Unlike many other languages, the English language does not have an official body to regulate the rules of the language.
The Académie Française, the government institution whose job it is to protect the French language, can declare that official government documents, schoolteachers, and the media must avoid using words like hashtag (the official recommendation is mot-dièse which is actually the musical symbol for a sharp note).
While there are similar institutions for Spanish, Russian, Arabic, and other languages, there is no such governing body for the English language. This means that English is quicker to adopt new words, while French speakers are forced to break linguistic law when they want to say email instead of adresse de courrier électronique.
While standard English is defined by the American Heritage Dictionary as "The variety of English that is generally acknowledged as the model for the speech and writing of educated speakers," the usage note identifies a problem with the definition, saying that it is "the term is highly elastic and variable, since what counts as Standard English will depend on both the locality and the particular varieties that Standard English is being contrasted with."

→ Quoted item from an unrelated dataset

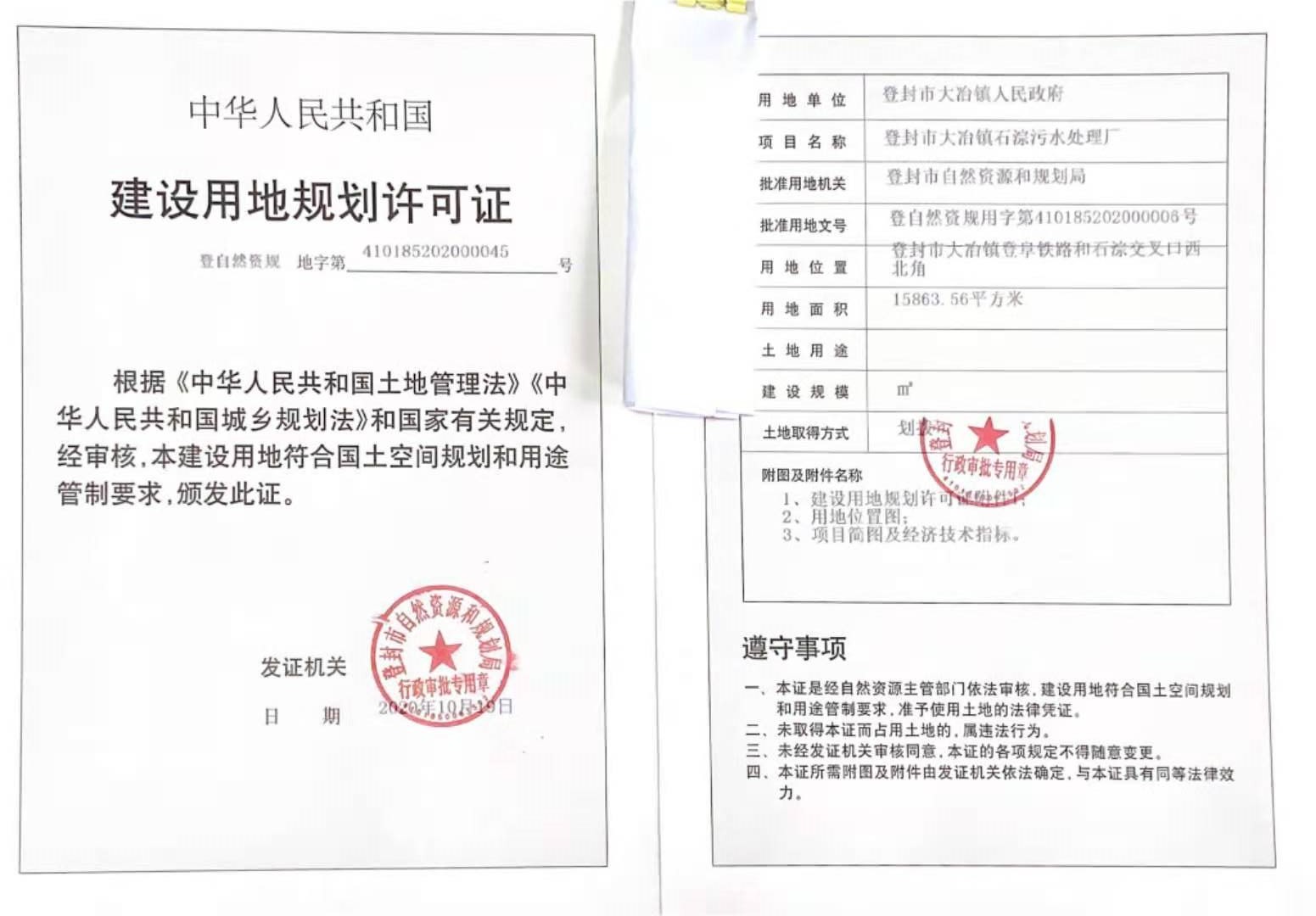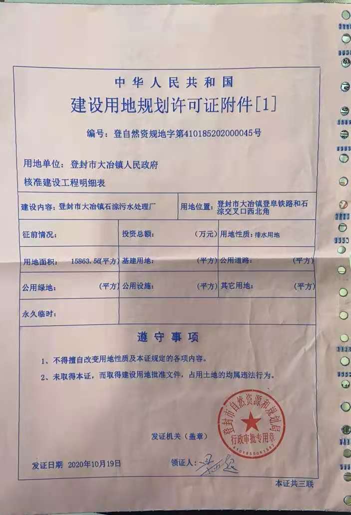 登封市自然资源和规划局关于登封市大冶镇人民政府登封市大冶镇石淙污水处理厂项目建设用地规划许可证批后公告

This is important to consider because many of our international students will have exposure to other varieties of the English language.

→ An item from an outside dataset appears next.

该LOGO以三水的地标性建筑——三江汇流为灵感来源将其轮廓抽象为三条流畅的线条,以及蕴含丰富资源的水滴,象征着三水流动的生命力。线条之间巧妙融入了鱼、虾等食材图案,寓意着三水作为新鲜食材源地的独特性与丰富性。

While English is the de facto language in the United States, it is NOT the official language of the USA. When the founders met at the Continental Congress, there was debate over whether to declare English the official language. Dr. Wayne Wright, professor of language and literacy at Purdue, explains their reasoning for rejecting the proposal, “English was pretty much the dominant language of the United States at the time so there really wasn't a need to protect it. And they didn't want to offend their fellow Americans who helped fight for independence.”
English is much more than language. This is true with any language, but it is especially true because of the global nature of English, and its status as a lingua franca. With so many varieties of English co-existing and mixing, it becomes much more difficult to pin the language to any single place, culture, or group.

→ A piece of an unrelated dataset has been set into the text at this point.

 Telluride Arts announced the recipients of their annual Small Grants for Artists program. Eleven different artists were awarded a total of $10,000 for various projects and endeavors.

In the end, it basically belongs to everyone who uses it. Each group just gets to decide its own norms and standards. And those norms and standards are a reflection of culture, power, politics, economics, group dynamics, and ownership.
We don't need to take the global perspective of English to consider these issues. For the sake of our students, we can bring it home to Memphis. Ask yourself how English differs in your various social settings. Who uses what language and what does it say about what groups they belong to or are excluded from? Imagine navigating that while also dealing with English as a second or a third language.
Well-intentioned individuals who genuinely support immigrants and their children, may regard them as deficient linguistically and subsequently assume and judge them as inferior intellectually, professionally, morally, and/or spiritually
Sad news for the native speakers wanting to assert dominance, native English speakers are outnumbered 3 to 1. This calls into question what it means to be a "native" speaker and what it means to own a language. My own son first spoke Arabic and French to his mother, attended his first school in Chinese, and switched almost completely to English at 5 years old. Because of his whiteness, he will automatically be considered a native speaker, but his personal history says differently.
Our international students arrive in the US at various stages of their English language development, and some may never lose certain markers of their first languages, but they all become part owners of the language.